Продолжая разговор, Макрида Ивановна хотела помочь алтайке раздеться, но та стыдливо запахнулась: с малых лет говорили ей, что тело честной женщины никто не должен видеть, кроме мужа.

– Что ты, милочка моя, надо раздеться! – приговаривала Макрида Ивановна, тихонько разнимая ее руки. – Помоемся. Будешь ты у меня беленькая да свеженькая, как огурчик.

Яманай покорно опустила плечи, готовая на все, но когда Макрида Ивановна предложила ей снять штаны из тонкой косульей кожи, она закричала, схватившись за голову:

– Худо будет!

– Ежели ты с таким норовом, то уходи от нас! Вон дверь! – настойчиво крикнула Макрида Ивановна, верившая в свою близкую победу. – Ну, что стоишь? Иди!

Уронив голову на грудь, Яманай нащупывала завязки. Оставшись голой, она прижала руки к животу и повернулась лицом в угол.

Макрида Ивановна посмотрела на одежду алтайки и вскрикнула:

– Ой, батюшки, страсть сколько их! Да как же они тебя, миленькая, не заели? Придется все спалить в печке. Ну, ничего. Наденешь мое – поубавим да подошьем, где надо. А за ночь я сошью тебе все новенькое. – Она подошла к алтайке и стала расплетать косы. – Зубами не раздерешь. Скатала, родименькая, вроде кошмы. Не миновать стричь. – Взяла ножницы и показала, что обстрижет косы. – Согласна?

Яманай подумала, что будет походить на добрую и заботливую Анну Тордоковну, и качнула головой.

Отхватив косы, Макрида Ивановна бросила их в угол.

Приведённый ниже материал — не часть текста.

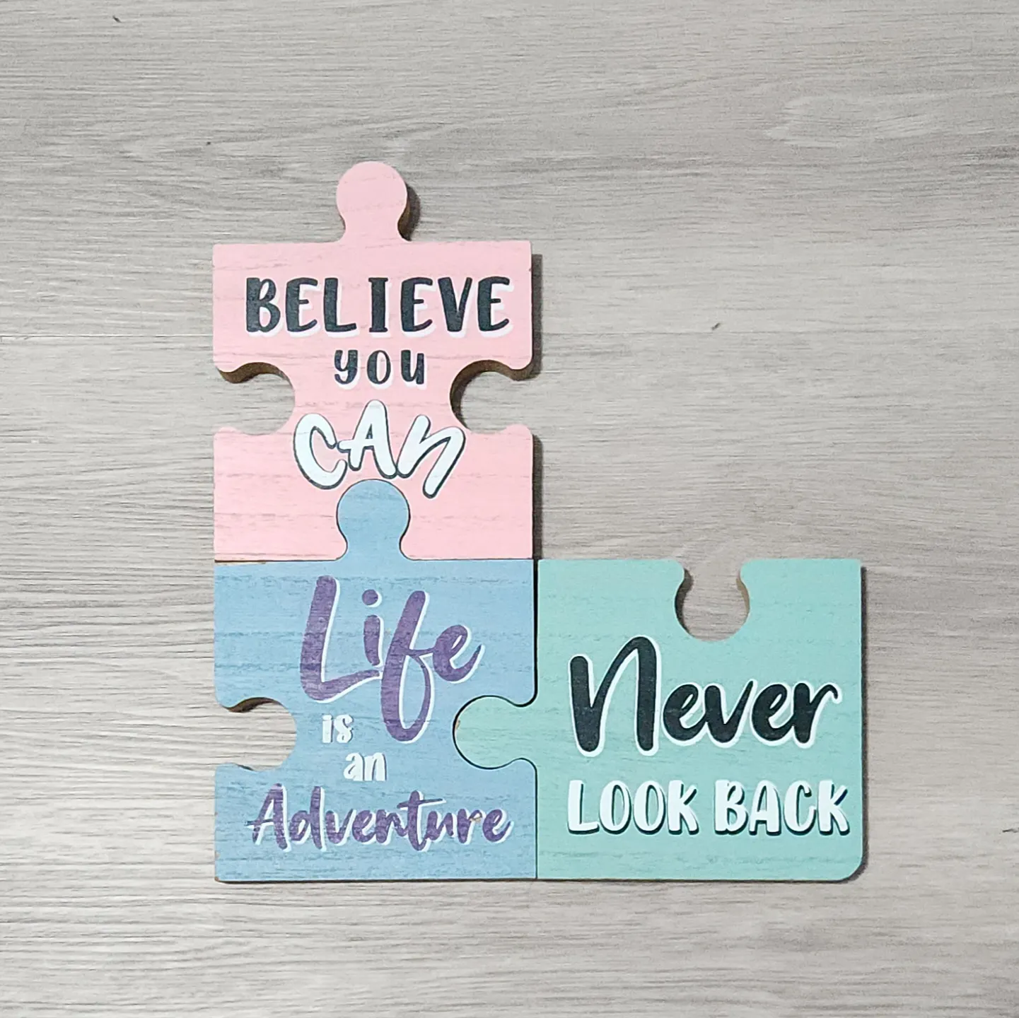 3 puzzle pieces wooden decor that are pastel with sayings on them. They also interlock and you can change the ones them around.

После бани она привела Яманай в большую комнату, где стояли топчаны с матрацами, подушками и шерстяными одеялами. На полу сидели алтайки. Среди них преобладали девушки. Но были даже старухи, услышавшие, что в Доме алтайки кормят бесплатно. Их приняли, потому что долгое время не могли собрать нужного количества курсанток. Были здесь безлошадные и бесстадные вдовы, приехавшие вместе со своими детьми. Многие из них так и не расстались с истрепанными чегедеками и уступили только одному суровому требованию Макриды Ивановны – в комнате сидели без шапок.

Увидев одних женщин, Яманай спросила с отчаянием в голосе:

– А Ярманки нет?

– О ярмарке спрашиваешь? – Макрида Ивановна опять похлопала ее по спине. – Осенью у нас ярмарка собирается, а базары – каждую неделю, по воскресеньям.

Яманай ничего не поняла, расспрашивать больше не стала и, не разуваясь, легла на отведенный для нее топчан. Макрида Ивановна сама сдернула с нее сапоги, строго сказала всем:

– В сапогах не смейте ложиться на топчаны.

Больше жестами, чем словами, передала им, чтобы они не лезли к Яманай с расспросами.

– Пусть бабочка отдохнет спокойно.

2

На рассвете Макрида Ивановна вместе с переводчицей, щуплой девушкой-алтайкой, выросшей в русской семье, зашла в комнату курсанток.

Алтайки уже проснулись и одна за другой выходили в сад, где стоял длинный цинковый умывальник: набирали воду в пригоршни и плескали на заспанные лица.

– С мылом мойтесь, хорошенько. Мыльце серо, да моет бело. Вот так, потирайте руками.

Потом она вела их на кухню, показывала, как выкатывать пшеничные калачи. Учила орудовать кочергой, сосновым помелом, деревянной лопатой.

Завтракали в просторной комнате. На столах лежали горячие калачи, еще не утратившие печного запаха, и зарумянившиеся шаньги со сметаной.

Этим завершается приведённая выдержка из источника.